Author Ramona Caponegro
Air Date 10/16/2006

Teen Read Week Transcript

The American Library Association is “acting up” these days in celebration of Teen Read Week. This year’s theme, “Get Active @ Your Library,” is meant to encourage teens not only to become more frequent library visitors but also to lead fuller, more active lives, a message seconded by popular young adult novelist Edward Bloor. Bloor’s first three novels–TangerineCrusader, and Story Time–take place in diverse settings–on sports fields, in the video arcade of a shopping mall, and in a haunted magnet school, respectively–but the protagonists in the stories are drawn to unraveling the mysteries about themselves and their places within the community.

In Tangerine, Paul Fisher, a legally blind soccer player, seeks to find an identity separate from that of his brother, a football star–and a sociopath; while in Crusader, Roberta Ritter emerges from her isolating daily routine to help solve a hate crime. And, in Story Time, Kate and George Melvil must decide what they truly value in education and in their family. With plots far too complex to reduce to a few sentences, Bloor’s novels explore issues of class, race, the legal system, public education, standardized testing, and the media, even as they describe their characters’ journeys towards self-realization. As Bloor’s protagonists struggle to understand both the world around them and their own positions within it, they search for information at the library, on the Internet, and in their communities and families, which they then use to confront the past and to change the future. At each novel’s end, the main characters, acting upon their newly found knowledge, begin to lead the lives that they have sought–and fought for–and their discoveries offer others around them, be they middle school soccer players, struggling business owners, or homeless individuals, the same chance.

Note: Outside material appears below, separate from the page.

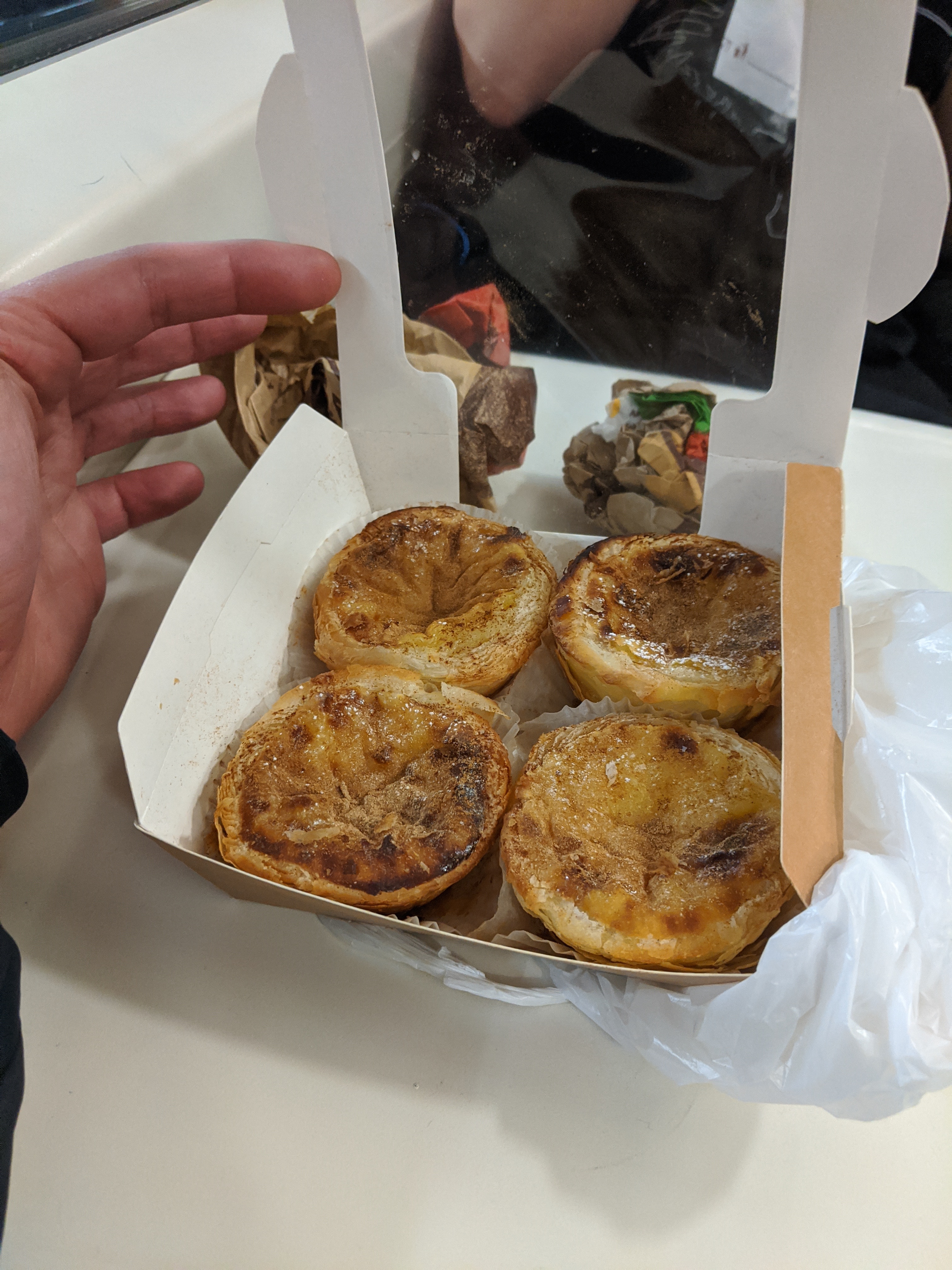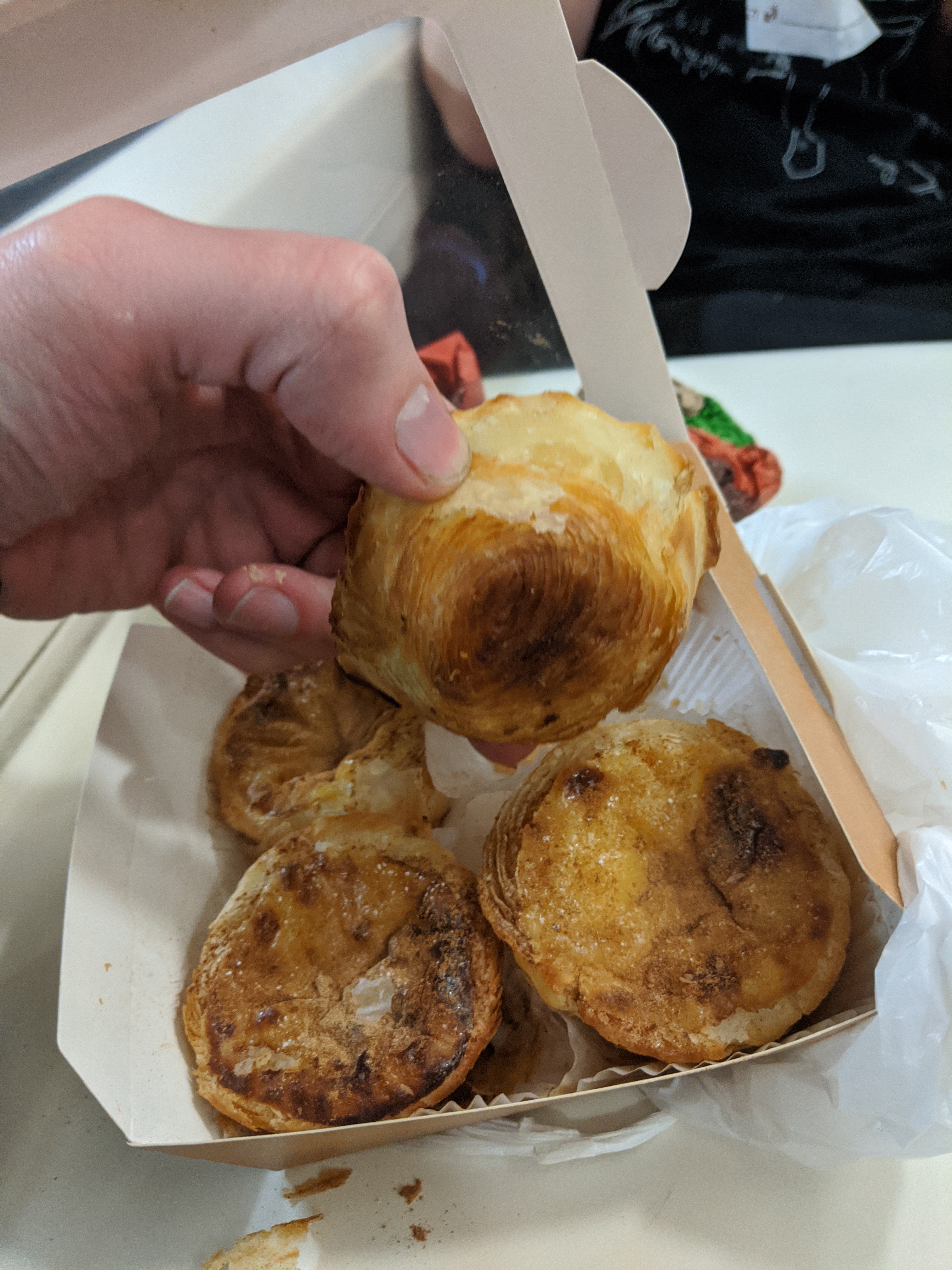 They are supplied by a Portuguese bakery frozen and I have sussed how to get them cooked just right. Pastry is super crunchy, and they have a lovely texture, with no over egginess and also have that lovely sweet melted sugar top. It probably helps that they’re not sitting on a shelf for hours.

In Bloor’s most recent novel, London Calling, which was just released last month, Martin Conway investigates his grandfather’s role as a World War II diplomat, as well as his own eerily realistic dreams about a boy trapped in the cross fires of war. The book’s plot summary and its tagline, “What did you do to help,” suggest that this is another story in which Edward Bloor reminds his young adult audience of the importance of facing the problems of the past, personal or collective, and taking action to prevent their recurrence.